The Social Enterprise Institute Panel Presentation

The Social Enterprise Institute (SEI) wrapped up the semester with its final Lecture Series event of the year, a panel presentation by three individuals involved in impact investing. The event, titled “Investing for Impact”, incorporated perspectives from many different areas of social finance and explored the breadth of innovation tackling extreme poverty and progressing global development. Speakers highlighted not only the successes seen resulting from their work and unique methods, but also the areas in which they have struggled.
Leading off the panel discussion was Tim Spittle, a recent graduate from the Northeastern’s School of Business and an experienced representative of SEI both on campus and throughout the world. Spittle is a Lending Analyst at Root Capital. He focuses on new lending projection models, evaluating the performance of past lending operations, and informing other departments within Root Capital of performance metrics. Root Capital focuses on the “missing middle”, the agricultural businesses that require more than micro loan capital yet still not enough to secure capital from a commercial bank.

Through this approach, the non-profit social investment fund is able to help individual farmers by dealing with the larger agricultural cooperatives. Spittle explained the importance of helping small farmers reach higher markets in order to get better prices for their products, while retaining a focus on environmental sustainability. Instead of accepting the low prices and the inherent lack of capital access that perpetuate a cycle of poverty for billions of farmers, Root Capital seeks to strengthen the value chain through enhanced relationships all the way from a farmer growing cocoa in Latin America to the cooperative they collaborate with to a buyer in the United States. Root Capital is financed through debt financing and philanthropic capital, a model that provides flexibility by maintaining the philanthropic capital for subsidizing things like overhead expenses.

John Grossman, the evening’s second speaker, is a partner and general counsel for the non-profit organization Third Sector Capital Partners. Prior to joining Third Sector, Grossman spent his most of his professional career working in law and performance management for Massachusetts. Third Sector is a non-profit organization that seeks to facilitate the transition to a performance-driven social sector in America. Innovative and sustainable financing for social services occurs through an organization like Third Sector that creates a web of relationships between government, service providers, investors, and project intermediaries. The various types of services offered by the organization are all related to the larger processes of “pay for success” contracting for services and Social Impact Bonds.

These newer methods of approaching impact-driven programs bring together all the previously mentioned sectors to implement already existing and proven programs that have clearly defined outcomes. In the attempt to alter the existing system, investors provide the initial capital to intermediaries and the government makes payments once the specific outcomes are achieved, hence “Pay For Success”. In a system where a private body rather than the government is responsible for programs’ performance management, there is greater potential for the government to save money on underperforming service programs.
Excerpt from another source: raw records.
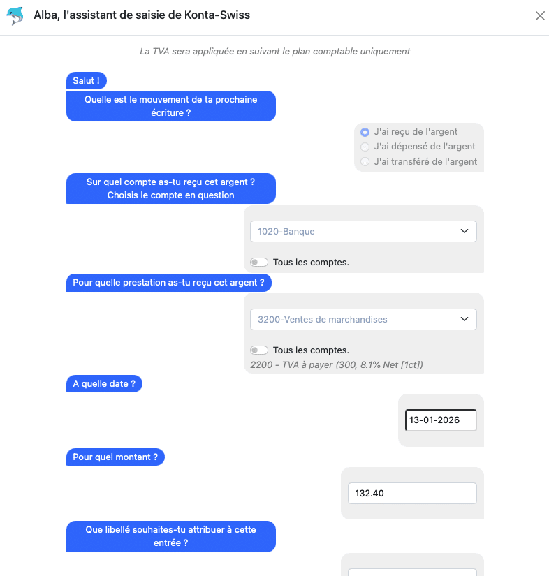 Pas tout à fait l’aise? Alba, notre assistant de saisie vous guide pas à pas pour une comptabilité correcte! Répondez aux questions de l’assistant et sauvez vos écritures comptables.
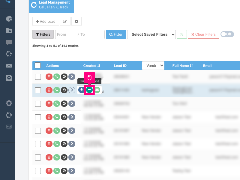 1. To send a text message to a lead from the Lead Management Page, first, scroll to the lead you want to text, hover over the arrow and click on Quick Actions
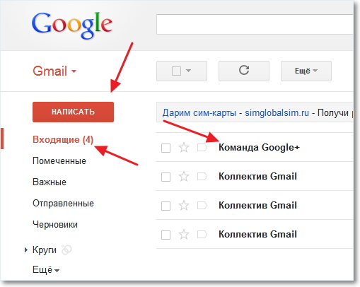очень простой. У Вас уже будет 4 входящих письма от компании Gmail. Чтобы
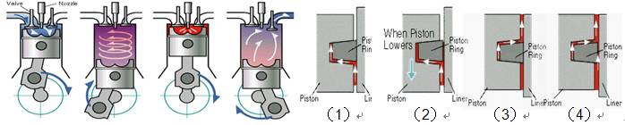 往復活塞式發(fā)動機運轉時活塞環(huán)會出現“泵油”現象,雖然現階段的發(fā)動機活塞環(huán)采用的“梯形環(huán)”和“扭曲環(huán)”可減少泵油現象,但不可避免的仍然會有少量的機油進入到燃燒室內參與燃燒。
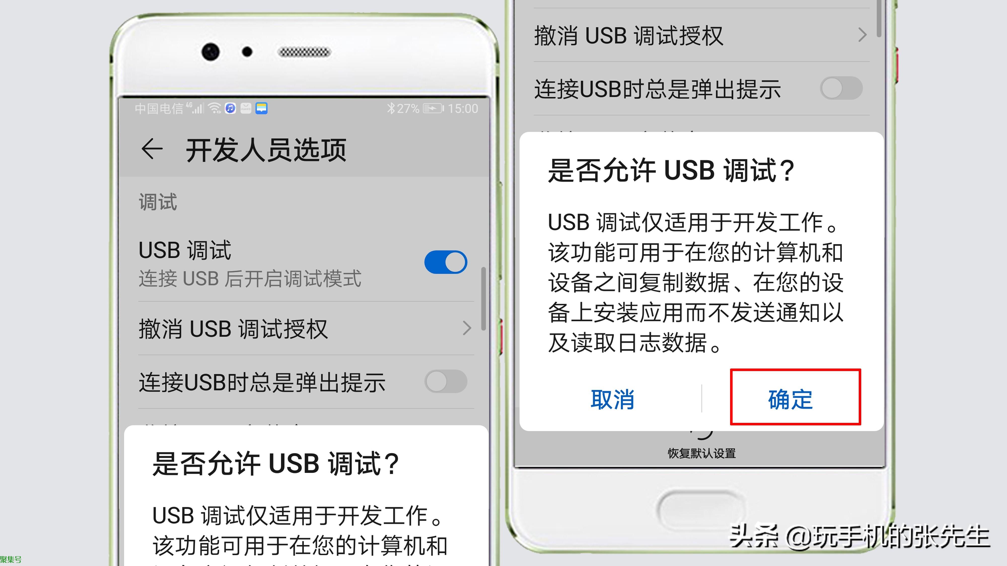 8、在系统弹出“是否允许USB调试?”对话框后,点击“确定”,即可完成操作。

Domestic social impact bonds are are gaining lots of attentions, only one program in New York is underway, yet there are a handful in the planning phase for the near future, including in Massachusetts.

The last speaker of the program was Elizabeth Friend, Senior Program Officer at S³IDF-US, an acronym for the American branch of the Small Scale Sustainable Infrastructure Development Fund based locally in Cambridge. S³IDF is a registered 501(c)(3) public charity that seeks to develop solutions for half the human population that lacks access to basic infrastructure tools crucial for poverty alleviation. In introducing necessary infrastructure like power and electricity to reduce extreme poverty, S³IDF works to create and strengthen small-scale enterprises. These local businesses, predominantly in India and Southern Asia, use business methods to best provide things like lighting, drinking water, transportation, hydropower, cooking, and communication technologies.

This business development support and technological know-how is representative of S³IDF’s Social Merchant Bank Approach (SMBA), which revolves around maximizing impact for the poor and the environment. The organization seeks to leverage both philanthropic and development capital to facilitate co-financing pro-poor small enterprise solutions. In order to ultimately change the perception of financial institutions and technology providers regarding how they do business in the future, S³IDF actively encourages institutions to lend to the poor by taking the risk and providing the organization finances to pay if necessary. The organization seeks to expand in India and affect more than the 100,000 they have already helped. Future plans could potentially include replicating the SMBA model in other countries without changing the core non-profit model.

The panel series made it quite clear that impact investing is not going anywhere. Millions of dollars are allocated every year towards strengthening these business and philanthropic models. The goal is to grow social programs through financial incentives and only promote the programs that have demonstrable impact in society. No system is perfect, and less developed social programs will clearly be at a disadvantage, yet it is undeniable that these measures will lead to more confident program investors and participators.